You Don’t Own Me is a colorful telling of the Bratz v. Barbie battle, a modern David and Goliath decade-long dispute fought by MGA Entertainment and toy giant Mattel. It is a story of competition, innovation and greed, economic espionage and corporate personalities larger than life, of creativity and its legal treatment, of dolls, and ultimately of American culture itself. In Professor Orly Lobel’s masterful hands this award-winning book1 effectively mixes legal analyses and business insights to offer a compelling read.
At the same time, if you dig a little deeper, You Don’t Own Me is also a fantastic account of the legal profession saga behind the toy story, examining the various roles legal actors–outside counsel, in-house lawyers, judges and jurors–played in the litigation, and their interactions with clients, related parties, and the general public. In particular, Part III, titled Warring Titans (Pp. 125-243), is a must read for lawyers and law students interested in contemporary law practice.
Briefly, Mattel sued MGA (then a smaller toy manufacturer) and Carter Bryant (Bratz’s designer) in federal court for intellectual property infringement in 2005, asserting that Carter initially conceived of Bratz, the so-called anti-Barbie doll, while he was an employee of Mattel; that Carter assigned to Mattel all his future creativity and innovation while at its employment; and that Mattel owed the copyright to Bratz. Initially, Mattel prevailed, winning a 2009 jury verdict after which Judge Stephen Larson issued a global all-inclusive injunction ordering MGA to pull Bratz from the market and stop production. (Pp. 145-174.) Judge Kozinski writing for the Ninth Circuit Court of Appeals reversed (chapter 9, Taming Barbie, Pp. 175-191), and MGA prevailed before Judge David Carter in 2011 (chapter 10, Round 2, Pp. 193-229). Recounting this legal saga within the greater story, Lobel provides deep insights into the practice of law.
To begin, consider the interplay between the following three phenomena in contemporary law practice: the federal-state court litigation dichotomy, the corresponding distinction between BigLaw and litigation boutiques, and increased specialization. As Lobel explains, elite BigLaw firms tend to dominate federal court litigation—especially specialized litigation, such as intellectual property infringement cases—leaving the less prestigious state court litigation to solo practitioners and small law firms.
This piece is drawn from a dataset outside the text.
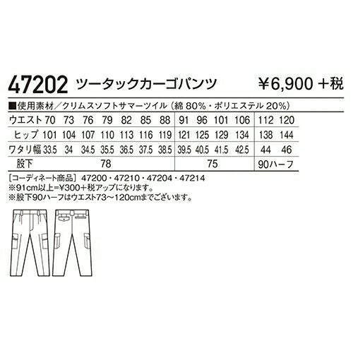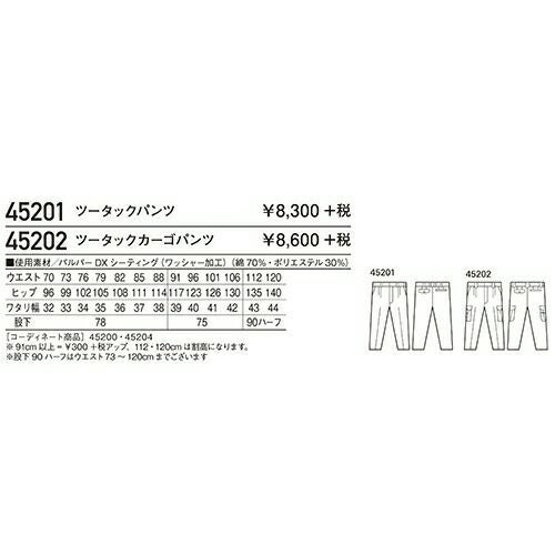 自重堂 作業服 45202 ツータックカーゴ 春夏 メンズ 作業着 ポケット付き ボトムス ワークウエア カーゴパンツ

Thus, MGA’s decision, in preparation for Round 2, to retain a general litigation boutique to take over the lead in its defense from the BigLaw firms which handled Round 1, was surprising. How bold, and uncommon given the under-representation of women lawyers in positions of power and influence in the legal profession, was the move to entrust the first chair to Ms. Jennifer Keller of a small all women-owned law firm? Less surprising was the establishment’s response to these moves: “Mattel’s Quinn Emanuel attorneys,” writes Lobel, treated Keller condescendingly. “At one point John Quinn said about Jennifer dismissively, ‘She’s behaving like a state court attorney.’” (P. 195.)
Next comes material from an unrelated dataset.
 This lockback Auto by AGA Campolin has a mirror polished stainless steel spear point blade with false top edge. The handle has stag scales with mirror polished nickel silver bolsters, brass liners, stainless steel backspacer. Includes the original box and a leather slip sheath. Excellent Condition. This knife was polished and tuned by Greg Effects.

Relatedly, Lobel’s gripping account provides a window into the complex world of lawyer identity, client identity, and corporate attorney-client relationships. MGA’s unorthodox decisions, points out Lobel, were made by its flamboyant immigrant outsider Chief Executive, Isaac Larian, because he “had been unable to get along with the highly paid lawyers from some of America’s biggest law firms.” (P. 194.) In contrast, Mattel, led by Robert Eckert, its “all-American professional CEO” (P. 168), opted for BigLaw elite outside counsel. Eckert was “[p]art of an old boys’ network of Fortune 500 professional CEOs, [who] frankly admits that lucrative executive gigs only go to members of an exclusive society.” (P. 110.) You Don’t Own Me suggests similarly that lucrative legal gigs (still) only go to members of an exclusive legal society, the elite club of elite large law firms, in part because of the informal ethno-religious and class affinity between their lawyers and C-Suite executives making decisions as the authorized constituents for Fortune 500 entity clients.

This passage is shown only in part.